한 블로그에서 이 두 머신러닝 프레임워크에 대해 잘 정리해 놓은 글이 있어서 이곳에 정리해본다.

Programming API

The Tensorflow API was very cryptic to start with, it almost felt like learning a new programming language, on top of it, it was also very hard to debug due to its static computation graph approach (more on that below). Pytorch (python) API on the other hand is very Pythonic from the start and felt just like writing native Python code and very easy to debug. Tensorflow did a major cleanup of its API with Tensorflow 2.0, and integrated the high level programming API Keras in the main API itself. A combination of these two significantly reduced the cognitive load which one had to undergo while writing Tensorflow code in the past :-) The programming APIs (of TensorFlow and PyTorch) in fact look very similar now, so much that the two are indistinguishable a number of times (see example towards the end)

Computation Graph

Computation graph was a major design difference between the two frameworks to start with.
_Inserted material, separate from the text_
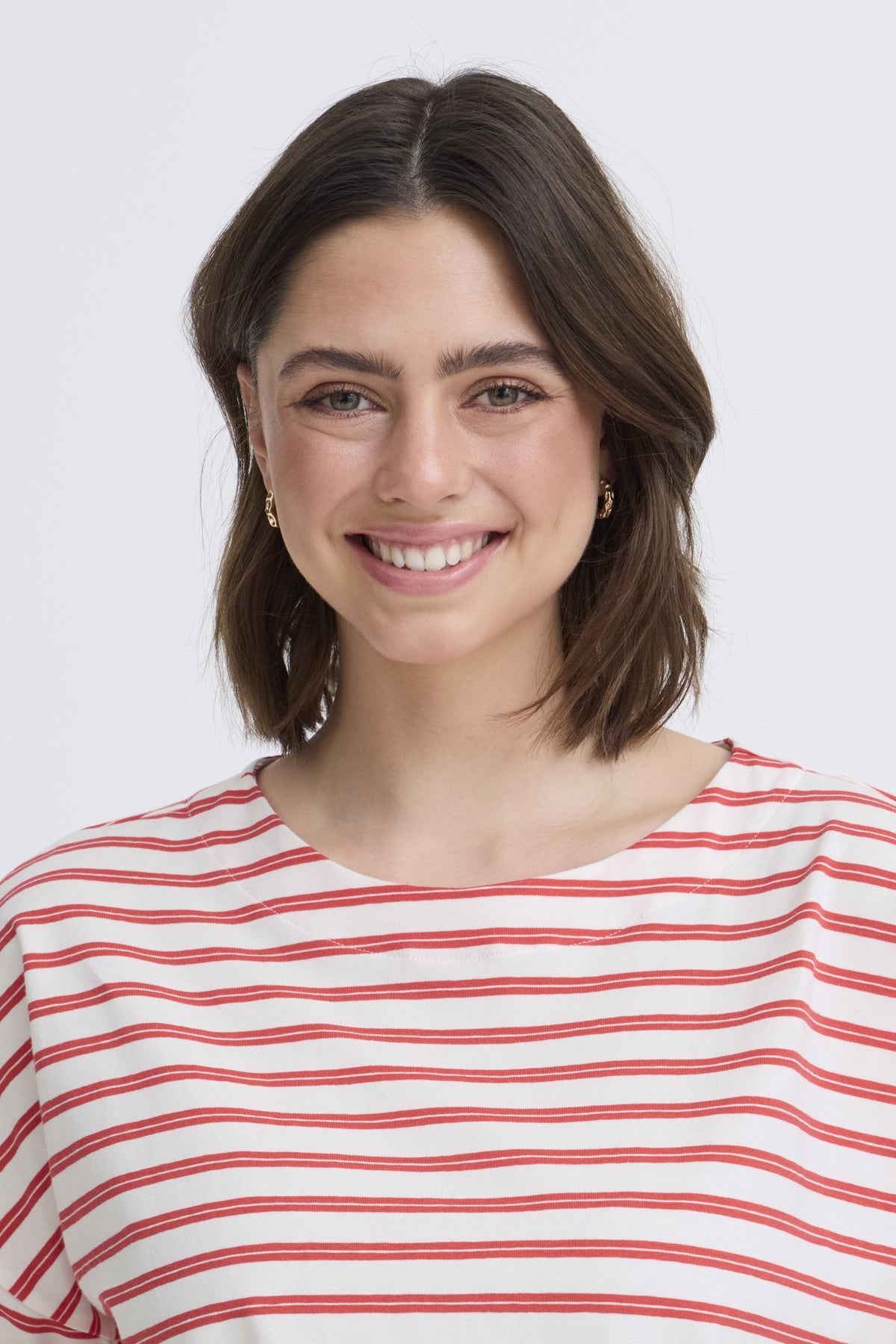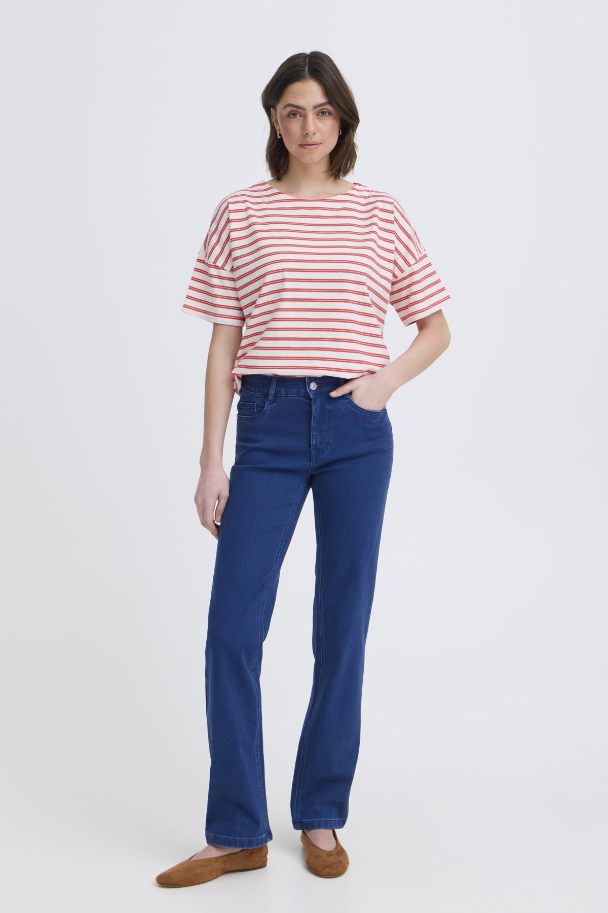 The Fransa Siva T-Shirt combines comfort with understated style. Crafted from a soft cotton-elastane blend, this half-sleeve striped tee offers the perfect balance of structure and stretch. Effortlessly versatile, it pairs beautifully with jeans for casual everyday wear or layered looks.

Tensorflow adopted a static Computation Graph approach where one defines the sequence of computation that one wants to do, with placeholder for the data. After that for training / running the model you feed in the data. Static computation graph is great for performance and ability to run on different devices (cpu / gpu / tpu), but is a major pain to debug. Pytorch on the other hand adopted a dynamic computation graph approach, where computations are done line by line as the code is interpreted. This makes it a lot easier to debug the code, and also offers other benefits — example supporting variable length inputs in models like RNN. Fast forward to today, Tensorflow introduced the facility to build dynamic computation graph through its “Eager” mode, and PyTorch allows building of static computational graph, so you kind of have both static/dynamic modes in both the frameworks now.

Distributed Computing

Both the frameworks provided the facility to run on single / multiple / distributed CPUs or GPUs. In earlier days it used to be a pain to get Tensorflow to work on multiple GPUs as one had to manually code and fine tune performance across multiple devices, things have changed since then and now its almost effortless to do distributed computing with both the frameworks. Google made its custom hardware accelerator Tensor Processing Unit (TPU) which can run computation at blazing speed, even a lot faster than GPU, available for 3rd party use in 2018. Since Tensorflow and TPU are both from Google, its far easier to run code on TPUs using Tensorflow as opposed to PyTorch, as PyTorch has a bit of patchy way of working on TPUs using third party libraries like

Deployment / Production

Deployment is something where Tensorflow had a lot of advantage over PyTorch, in part due to better performance due to its Static Computation graph approach, but also due to packages / tools that facilitated quick deployment over cloud, browser or mobile. That’s the reason a lot of companies preferred Tensorflow when it came to production. PyTorch has tried to bridge this gap in version 1.5+ with TorchServe, but its yet to mature

Code Comparison

Its amusing that for a lot of things the APIs are so similar that the codes are almost indistinguishable. Given below are code snippets for the core components on (proverbial “Hello World” problem in Computer Vision) for both Tensorflow and Pytorch, try to guess which one is which The complete Tensorflow and Pytorch code is available at my

Data Loader

# Download the MNIST Data
(x_train, y_train), (x_test, y_test) = mnist.load_data()
x_train, x_test = x_train / 255.0, x_test / 255.0
# Add a channels dimension
x_train = x_train[..., tf.newaxis]
x_test = x_test[..., tf.newaxis]

train_ds = tf.data.Dataset.from_tensor_slices((x_train, y_train)).shuffle(10000).batch(32)
test_ds = tf.data.Dataset.from_tensor_slices((x_test, y_test)).batch(32)

Which one is PyTorch code - above or below?

# Download the MNIST Data and create dataloader
transform = transforms.Compose([transforms.ToTensor()])
xy_train = datasets.MNIST('./', download=True, train=True, transform=transform)
xy_test = datasets.MNIST('./', download=True, train=False, transform=transform)

train_ds = DataLoader(xy_train, batch_size=32, shuffle=True)
test_ds = DataLoader(xy_test, batch_size=32, shuffle=True)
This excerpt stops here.